There are two ways to average with NumPy: np.mean and np.average (although there may be others). Here, let's leave the difference between the two to other articles, and see which is better in terms of processing speed.
The following code is based on this site.
CentOS Linux release 7.6.1810 (Core) Python 3.8.5
First, simply average a one-dimensional array.
test1.py
import timeit
import numpy as np
def func_average(n):
return np.average(np.arange(n**2))
def func_mean(n):
return np.mean(np.arange(n**2))
n = 1000
loop = 1000
result_average = timeit.timeit(lambda: func_average(n), number=loop)
result_mean = timeit.timeit(lambda: func_mean(n), number=loop)
print('average: ', result_average / loop)
print('mean: ', result_mean / loop)
Execution result
average: 0.0015093836802989244
mean: 0.001964871450792998
In addition to this, I measured 4 times, but in each case, np.average was about 20 to 30% faster.
Next, take the average of the two-dimensional array.
test.py
import timeit
import numpy as np
def func_average(n):
return np.average(np.arange(n**2).reshape(n, n))
def func_mean(n):
return np.mean(np.arange(n**2).reshape(n, n))
n = 1000
loop = 1000
result_average = timeit.timeit(lambda: func_average(n), number=loop)
result_mean = timeit.timeit(lambda: func_mean(n), number=loop)
print('average: ', result_average / loop)
print('mean: ', result_mean / loop)
Execution result
average: 0.0016613604403100909
mean: 0.002270303561817855
Even in this case, np.average was fast.
I tried other similar conditions, but the result was that np.average was faster. This doesn't mean np.mean ...

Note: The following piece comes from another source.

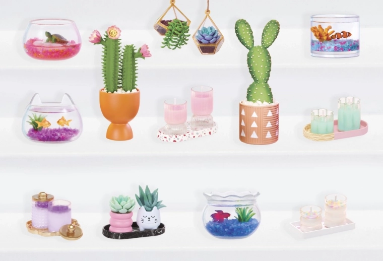 Verzamel een brede reeks mini-materialen, verpakkingen en accessoires – van schattige visjes en succulenten tot standertjes en wandplankjes.

I thought that was not the case, and when I searched further, I found such a thread. Translated, modified and quoted below:
(Omitted) There are other differences to consider between
averageandmean(other differences were mentioned in the previous thread).averagetakes the average of all the values in the array without considering the mask, whilemeantakes the mask, so it takes the average only with the unmasked values.
g = [1,2,3,55,66,77]
f = np.ma.masked_greater(g,5)
np.average(f)
Out: 34.0
np.mean(f)
Out: 2.0
Indeed, it seems that mean should be used when dealing with arrays containing missing values.
average.numpy.ma to handle data containing missing values, use mean.It is best to use it properly according to the purpose, but considering the time taken for the entire program, I think that the ratio of average and mean to it is insignificant, so the option to use mean without thinking about anything Isn't it an ant?